Using the data below, return word for word every line from the one holding "- Select Customer" down to the one holding "Vedlejší budova nabízí". Leave pictures out.
** DATA SECTION follows **
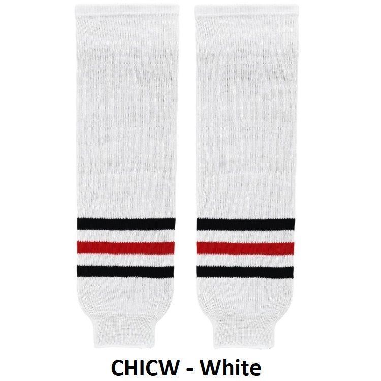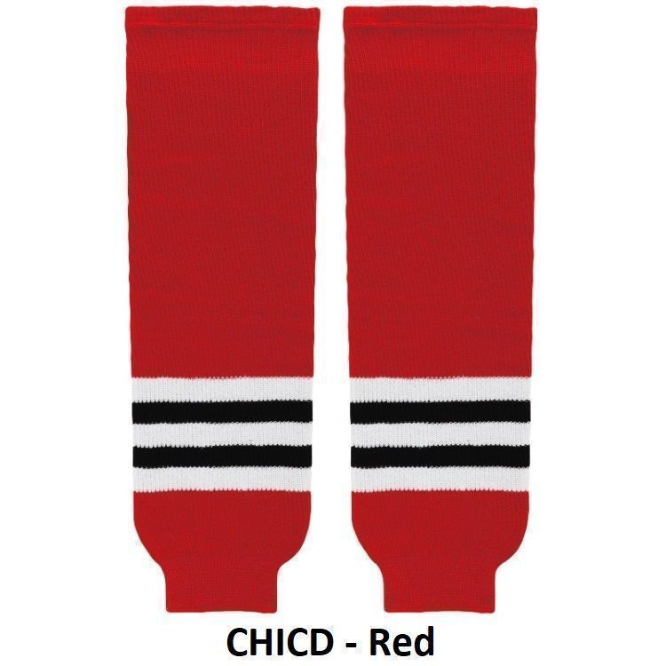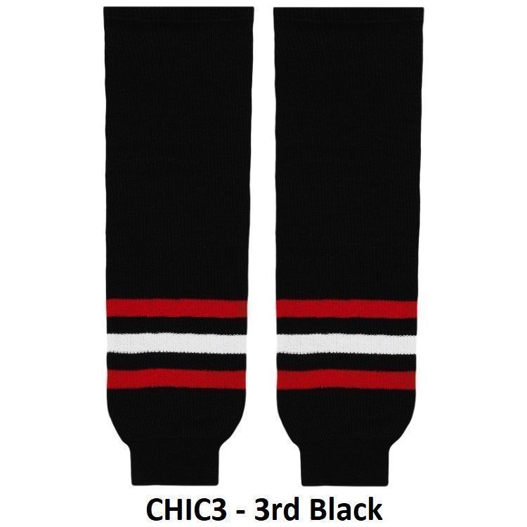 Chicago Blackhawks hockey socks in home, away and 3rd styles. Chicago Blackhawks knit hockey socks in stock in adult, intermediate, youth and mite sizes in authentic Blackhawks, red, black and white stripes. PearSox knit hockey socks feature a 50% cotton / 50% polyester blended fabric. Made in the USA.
** End of DATA SECTION **
** DATA SECTION follows **
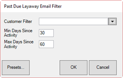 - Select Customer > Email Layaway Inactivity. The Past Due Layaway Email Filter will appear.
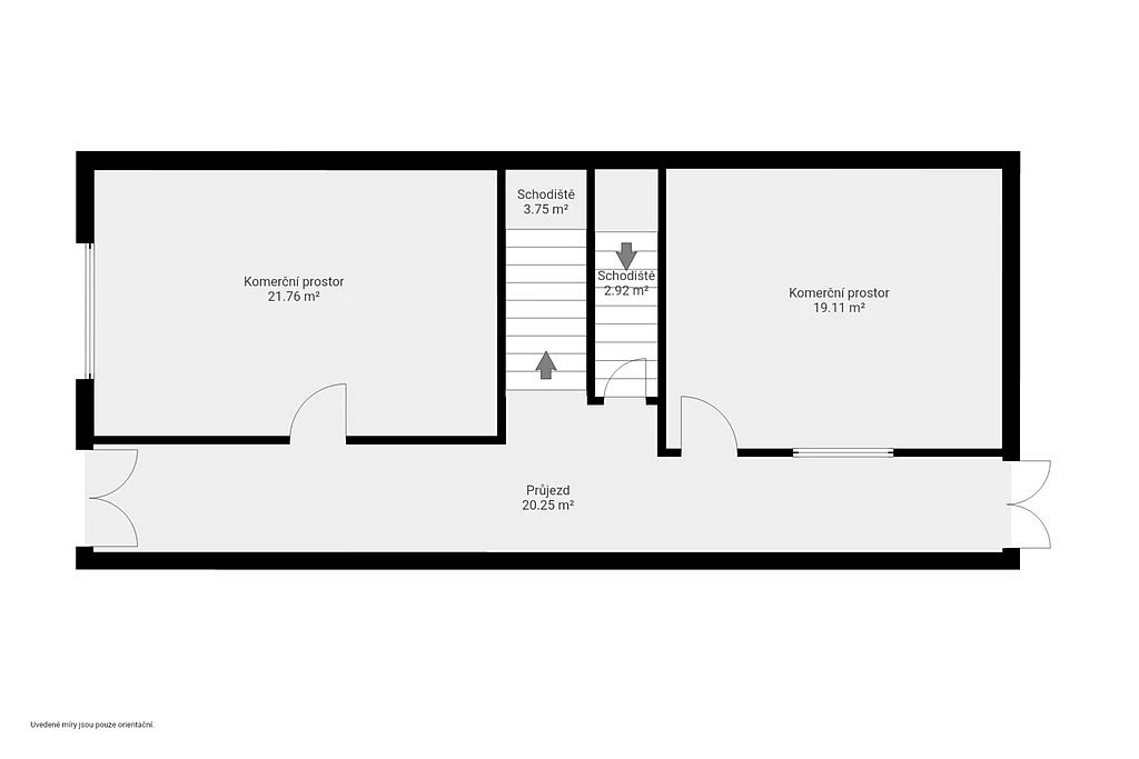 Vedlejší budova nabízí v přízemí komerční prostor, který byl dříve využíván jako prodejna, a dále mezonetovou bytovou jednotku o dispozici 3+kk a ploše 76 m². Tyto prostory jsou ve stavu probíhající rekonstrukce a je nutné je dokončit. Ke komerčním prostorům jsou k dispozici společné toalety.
** End of DATA SECTION **
** DATA SECTION follows **
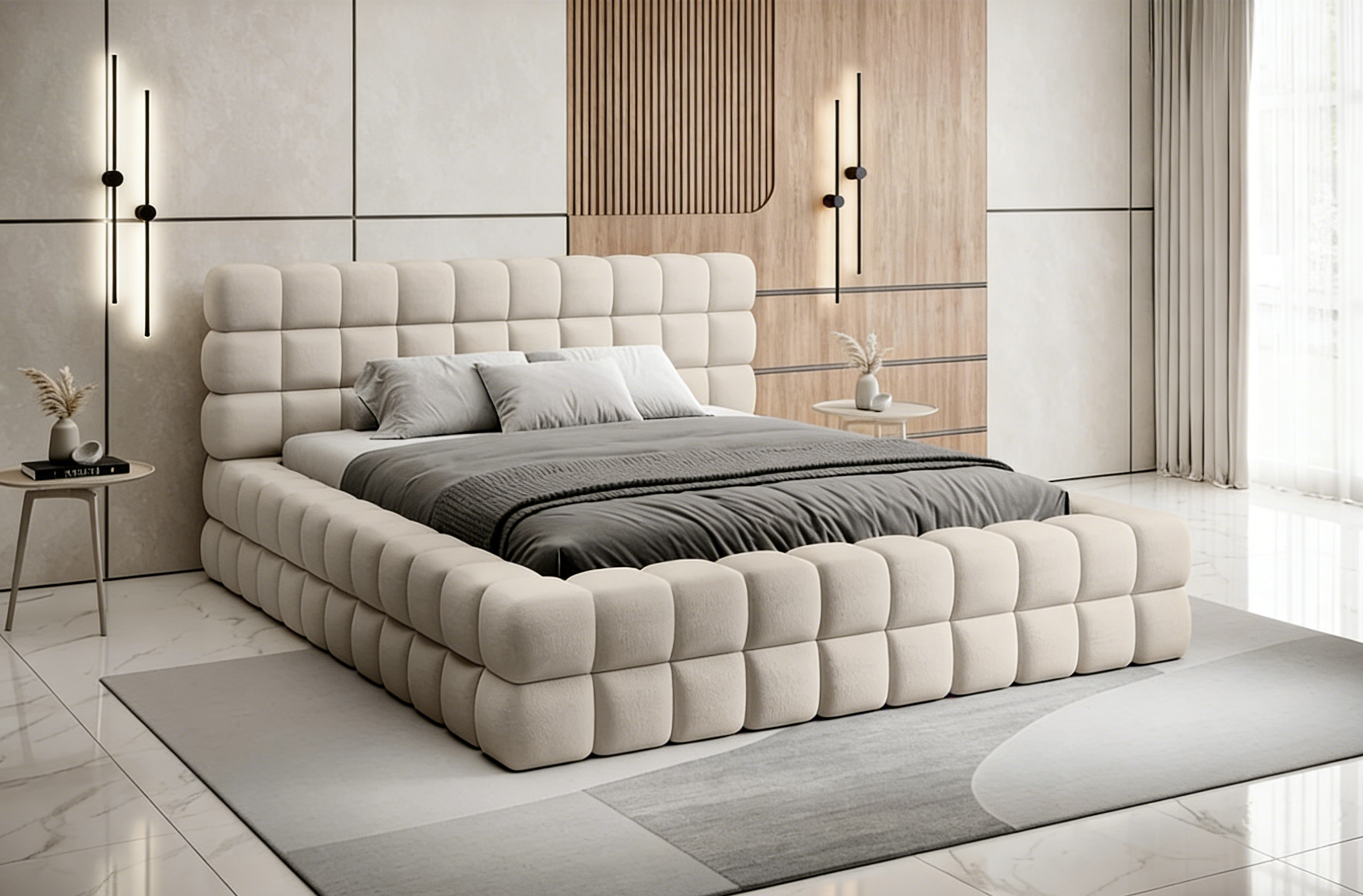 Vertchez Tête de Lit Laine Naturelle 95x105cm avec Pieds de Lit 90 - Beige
** End of DATA SECTION **
RESULT OF THIS TASK
 - Select Customer > Email Layaway Inactivity. The Past Due Layaway Email Filter will appear.
 Vedlejší budova nabízí v přízemí komerční prostor, který byl dříve využíván jako prodejna, a dále mezonetovou bytovou jednotku o dispozici 3+kk a ploše 76 m². Tyto prostory jsou ve stavu probíhající rekonstrukce a je nutné je dokončit. Ke komerčním prostorům jsou k dispozici společné toalety.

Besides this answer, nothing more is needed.